TASK BRIEF ▸
Output exactly, and only, the lines below from the one with "COOFANDY Mens Short" down to the one with "плаття джинсове з". Include both end lines and no pictures.
::: AVAILABLE RECORDS
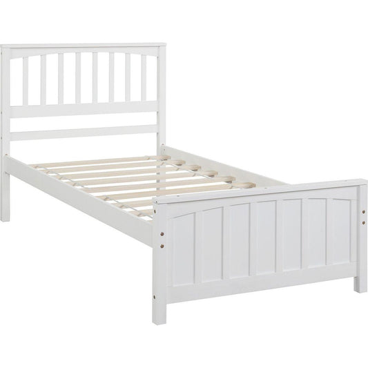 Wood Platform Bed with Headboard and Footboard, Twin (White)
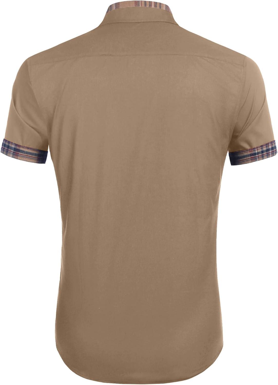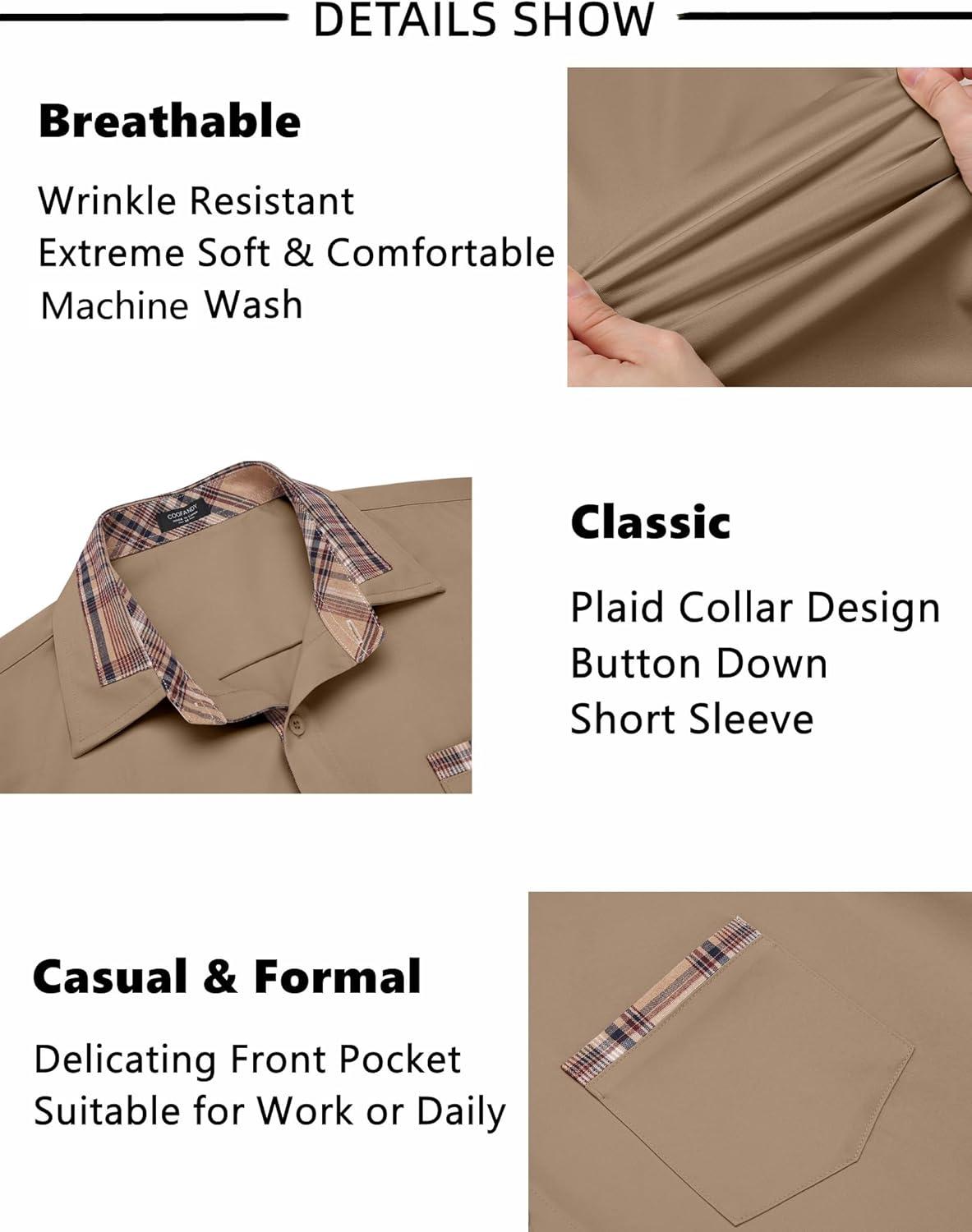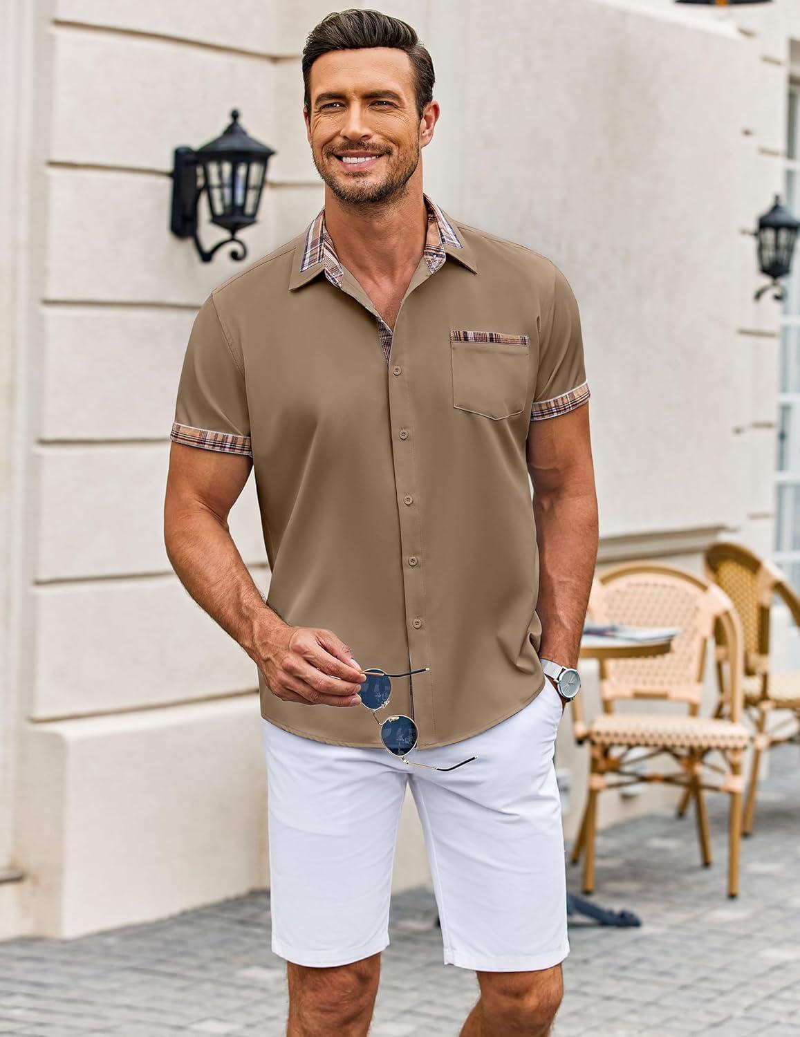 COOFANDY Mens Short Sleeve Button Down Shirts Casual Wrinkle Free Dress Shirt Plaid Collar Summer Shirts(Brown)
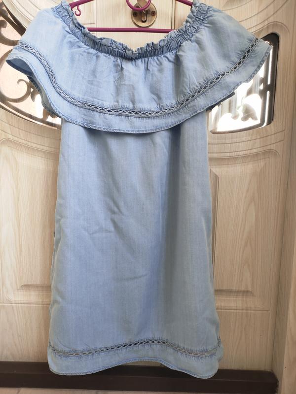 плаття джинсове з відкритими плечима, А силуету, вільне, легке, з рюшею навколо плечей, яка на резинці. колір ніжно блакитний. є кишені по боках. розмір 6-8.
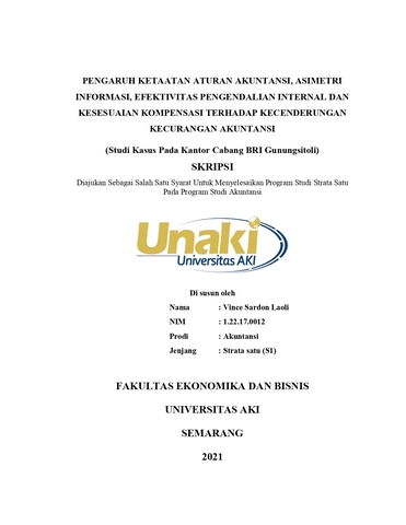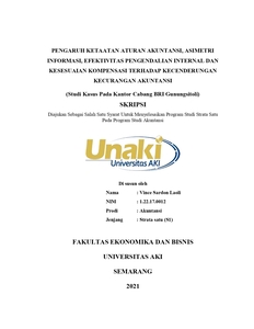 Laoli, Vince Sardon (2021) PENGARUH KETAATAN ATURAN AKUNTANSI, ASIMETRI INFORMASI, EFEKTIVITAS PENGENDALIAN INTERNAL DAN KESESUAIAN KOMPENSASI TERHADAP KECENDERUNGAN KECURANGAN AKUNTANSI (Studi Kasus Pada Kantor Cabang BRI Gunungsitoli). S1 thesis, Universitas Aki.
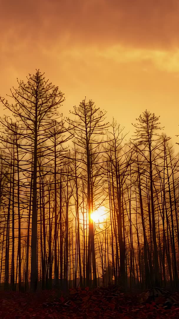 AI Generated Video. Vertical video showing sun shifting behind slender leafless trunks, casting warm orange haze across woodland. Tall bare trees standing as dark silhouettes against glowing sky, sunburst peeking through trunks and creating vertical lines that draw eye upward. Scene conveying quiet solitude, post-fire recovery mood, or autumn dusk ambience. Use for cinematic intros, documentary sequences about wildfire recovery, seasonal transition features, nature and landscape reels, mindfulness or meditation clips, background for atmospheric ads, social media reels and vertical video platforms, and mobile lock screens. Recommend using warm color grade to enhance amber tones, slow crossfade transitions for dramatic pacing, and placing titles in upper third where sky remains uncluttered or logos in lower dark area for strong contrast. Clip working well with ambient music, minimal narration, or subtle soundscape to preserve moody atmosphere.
::::::
SOLVED PROBLEM ▸
 COOFANDY Mens Short Sleeve Button Down Shirts Casual Wrinkle Free Dress Shirt Plaid Collar Summer Shirts(Brown)
 плаття джинсове з відкритими плечима, А силуету, вільне, легке, з рюшею навколо плечей, яка на резинці. колір ніжно блакитний. є кишені по боках. розмір 6-8.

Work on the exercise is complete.